Scalability is critical to extract thread-level parallelism (TLP)

Let's look at some sample code that counts a variable var up to a value limit:

for (;;) {
  if (var++ > limit) {

When first multi-threading the application, the brute force approach is to add a lock around the shared variable var:

for (;;) {
   if (var++ > limit) {

This will offer poor scalability, as each thread will over utilize the lock and variable.  The next attempt will create a private copy of the variable in array indexed by index for each thread removing the lock:

for (;(array[index]++ <= limit);) ;

This too will offer poor scaling on Opteron and SPARC processors.  This time, the underlying hardware resource (cache line) is over utilized.

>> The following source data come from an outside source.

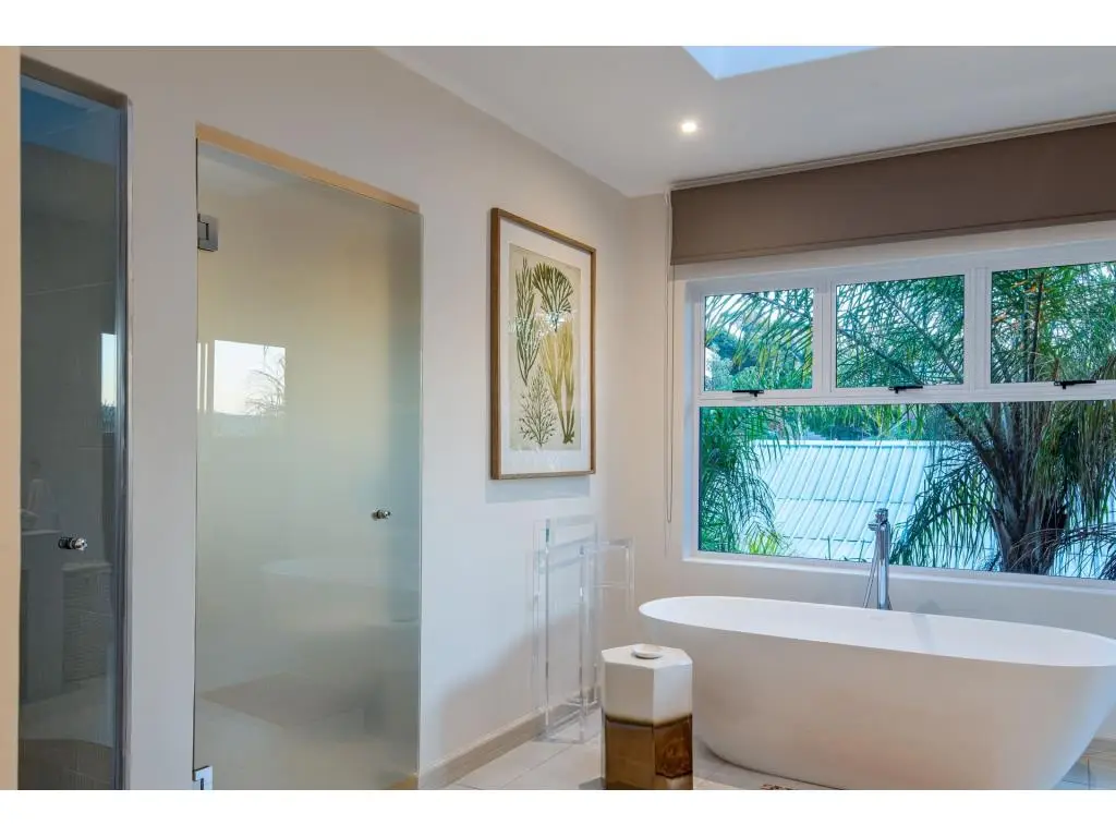 Exclusive to Chas Everitt - Welcome to an extraordinary lagoon-front estate that epitomises luxury and elegance. This once-in-a-lifetime property offers breathtaking views, unparalleled comfort, and exquisite design, perfect for those seeking an exceptional lifestyle. Fit for royalty, the Princess Charlene of Monaco occupied this property for 3 months whilst on an extended visit to South Africa. Grand Entrance As you enter the home, a magnificent, grand entrance hall greets you, featuring a broad staircase that elegantly divides the house into its upper and lower levels. Ascend the staircase to find the luxurious sleeping quarters, or descend to the expansive living areas designed for entertainment and relaxation. Upper Level The upper level houses four beautifully appointed bedrooms. The main bedroom is a sanctuary of indulgence, boasting an en-suite bathroom complete with a freestanding bathtub, double basins, double alfresco showers, and a private toilet. One additional bedroom enjoys a full en-suite bathroom, whilst the remaining two bedrooms share a spacious full bathroom, ensuring comfort and privacy for all residents. All of the bedrooms offer doors leading out to a generous covered balcony which enjoys sweeping lagoon, ocean and coastal forest views. Middle Level The middle level is dedicated to seamless living and entertainment. It features a sophisticated dining area, a cosy TV room for intimate gatherings, and a lively games room for family fun. The front of the home showcases a covered balcony, offering stunning views of the lagoon, while the back of the home includes a protected entertainment area which features a built-in pizza oven and is perfect for year-round enjoyment. The gourmet kitchen is a chef's dream, equipped with a gas hob, electric oven, and extractor. A massive scullery provides ample space for all appliances and additional storage, making meal preparation and clean-up a breeze. Lower Level The lower level is a versatile self-contained flatlet, ideal for guests or extended family. It features a kitchenette, dining area, lounge, en-suite bedroom, and a bunk room with three adult-sized bunk beds. The flatlet also includes a games room and a bathroom with a toilet, basin, and shower. A protected patio overlooks the meticulously maintained gardens and pool area, creating a serene retreat. Outdoor Paradise Step outside to discover an idyllic alfresco dining area at the bottom of the lawn, perfectly positioned to take in the tranquil lagoon views. The property's gardens and pool area are impeccably maintained, offering a lush, private oasis and there is a private jetty on the lagoon for mooring any lagoon-going craft. Additional Features This magnificent property is complete with three garages, a generous carport, ample uncovered parking, a full solar and inverter system, domestic quarters, a comprehensive alarm system, and CCTV for added security. The house is being sold fully furnished and equipped, including two boats and a jet ski, providing the ultimate in luxury living and recreation. Don't miss this rare opportunity to own a truly exceptional lagoon-front estate, where every detail has been meticulously crafted to offer the finest in luxury living.
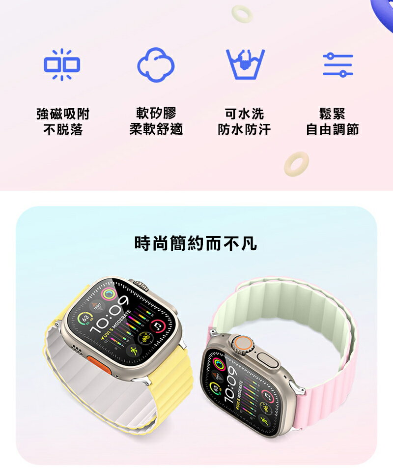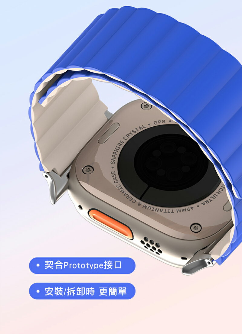 .適用機型:Apple 蘋果 Watch (38mm/40mm/41mm/42mm(十代)).商品材質:430不鏽鋼+磁鐵
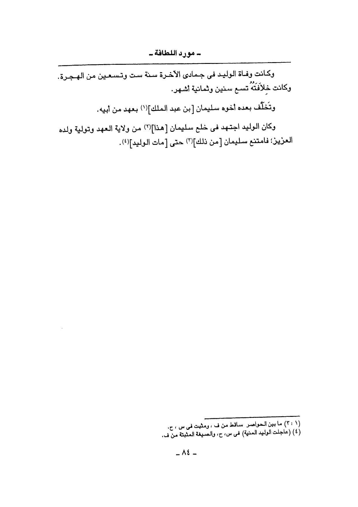 وَكَانَ الْوَلِيد اجْتهد فِي خلع سُلَيْمَان [هَذَا] من ولَايَة الْعَهْد وتولية وَلَده الْعَزِيز؛ فَامْتنعَ سُلَيْمَان [من ذَلِك] حَتَّى [مَاتَ الْوَلِيد] .
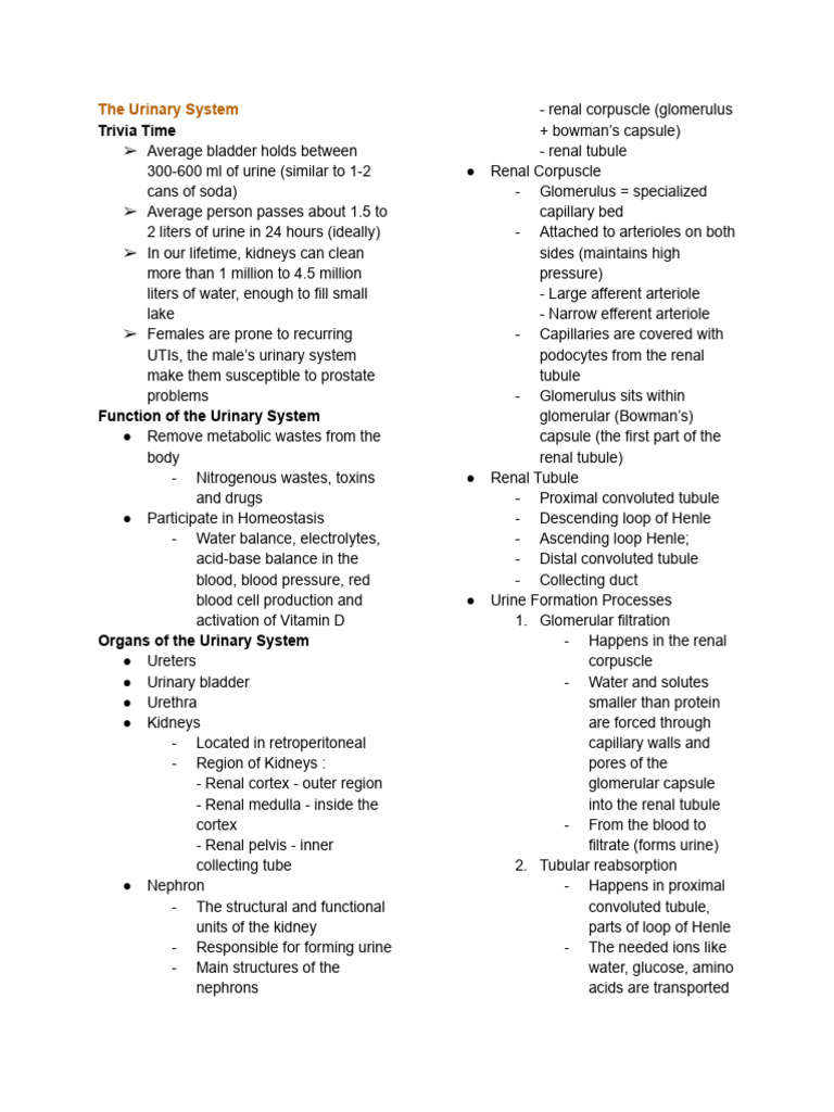- Nitrogenous wastes, toxins ● Renal Tubule
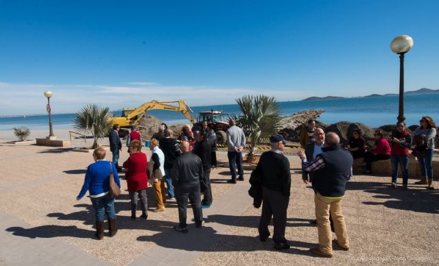 El alcalde y la vicealcaldesa, junto con los vecinos y otros miembros de la Corporación municipal, han celebrado el comienzo de las obras en la playa como primer paso para salvar el Mar Menor
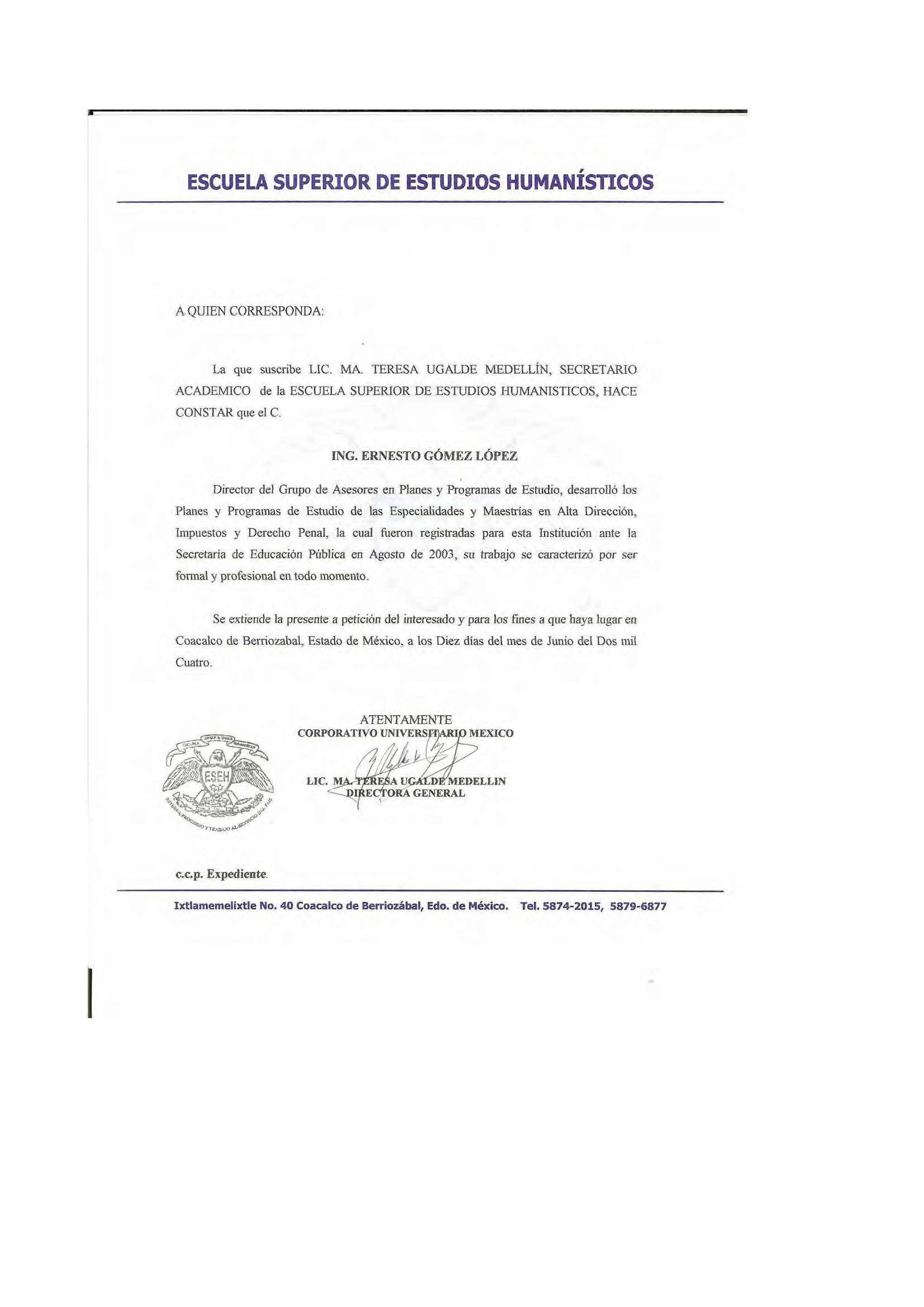 ESCUELA SUPERIOR DE ESTUDIOS HUMANISTICOS
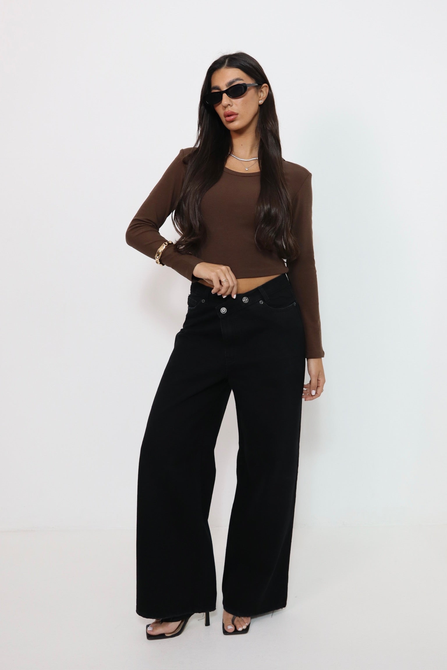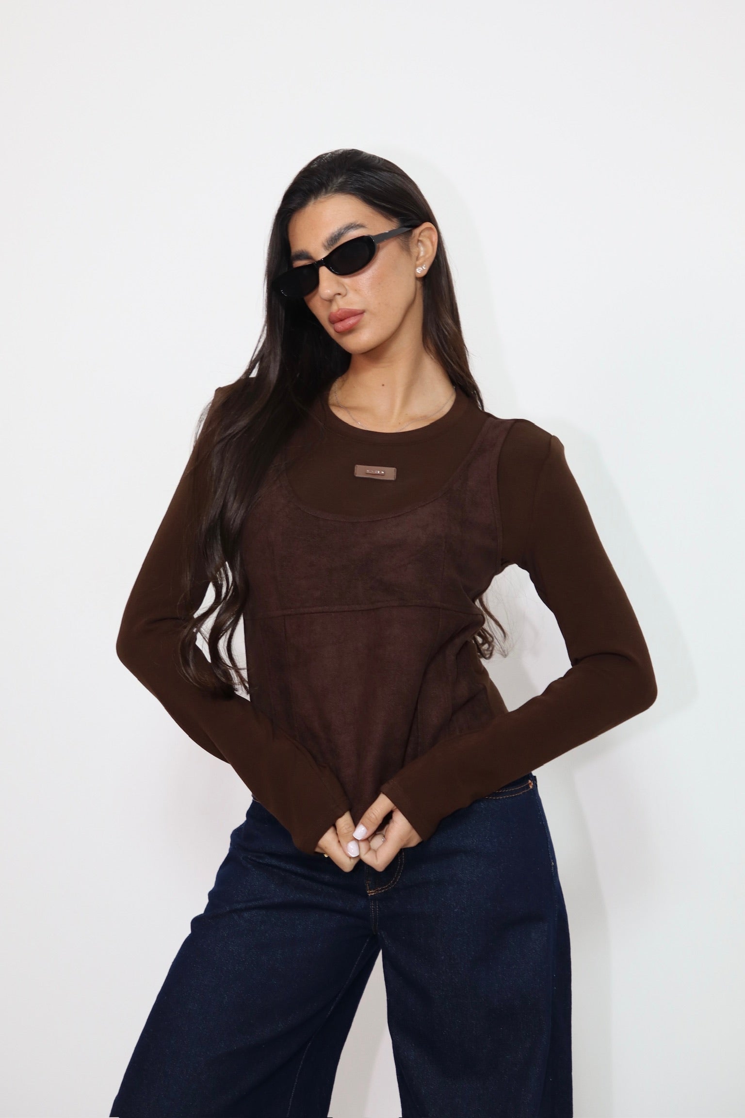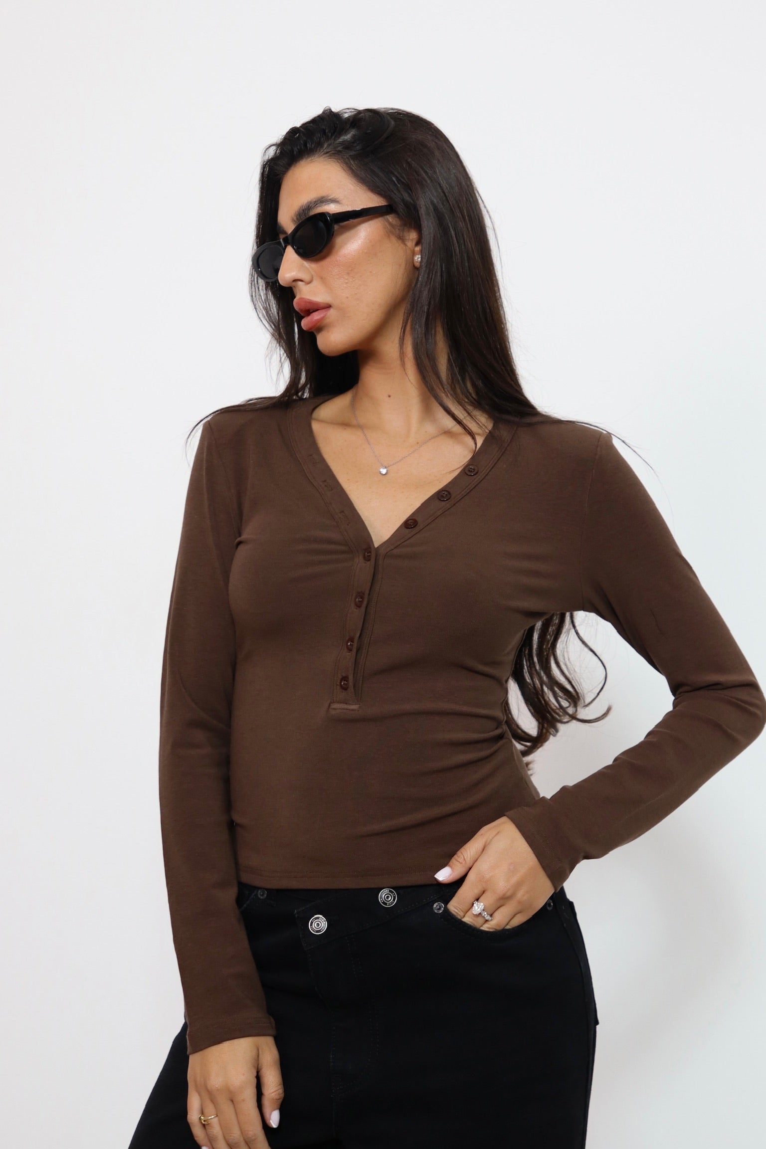 חולצת פתח בגב חום 3835

Then how is scalability achieved?

Uniform Utilization of hardware resources ensures scalability:

  • Uniform Hardware Utilization Through Time (All program Phases use the hardware uniformly)

  • Uniform Utilization of Hardware Threads (All Hardware Threads are Busy)

  • Uniform Use of Software Threads (There are enough threads)

  • Uniform Cache Set Use in the Cache Hierarchy (No cache sets are over subscribed)

  • Uniform Physical Memory Use (All memory boards used evenly)

  • Uniform Virtual Memory Use (No Hot Locks)

Asymmetric Utilization is called Skew. Bart touches on Asymmetric Hardware Utilization in Performance Anti-Patters in this Queue article.

So why data motion?

We need a common abstraction that affects all hardware. The only entity that propagates all active system components is Data Motion.

Every state transition in the system is Data Motion:

  • Load Instructions: Are Data Motion toward the Processor Core

  • Store Instructions: Are Data Motion toward the Cache Hierarchy

  • Arithmetic Operations: Are Data Motion within Processor Core (the processor happens to also change your data a bit :-))

  • Data Propagates All Hardware and Software Components

Data Motion allows to identify all asymmetric utilization, Skew, in every component of the system.

DProfile identifies scalability opportunities by tracking data motion in the entire application.

DProfile helps Performance Analysts and Deployments with dramatic results. Commercial applications have improved substantially when deployed using DProfile:

  • 530% on a cryptographic benchmark

  • 600% in a decision support workload

  • 800% with a design application

  • 1000% on Dhrystone

DProfile helps ISV Developers find code issues with ease:

  • 2000% (20x) performance gain in a high performance computing code

  • 1900% (19x) performance gain in my sample code.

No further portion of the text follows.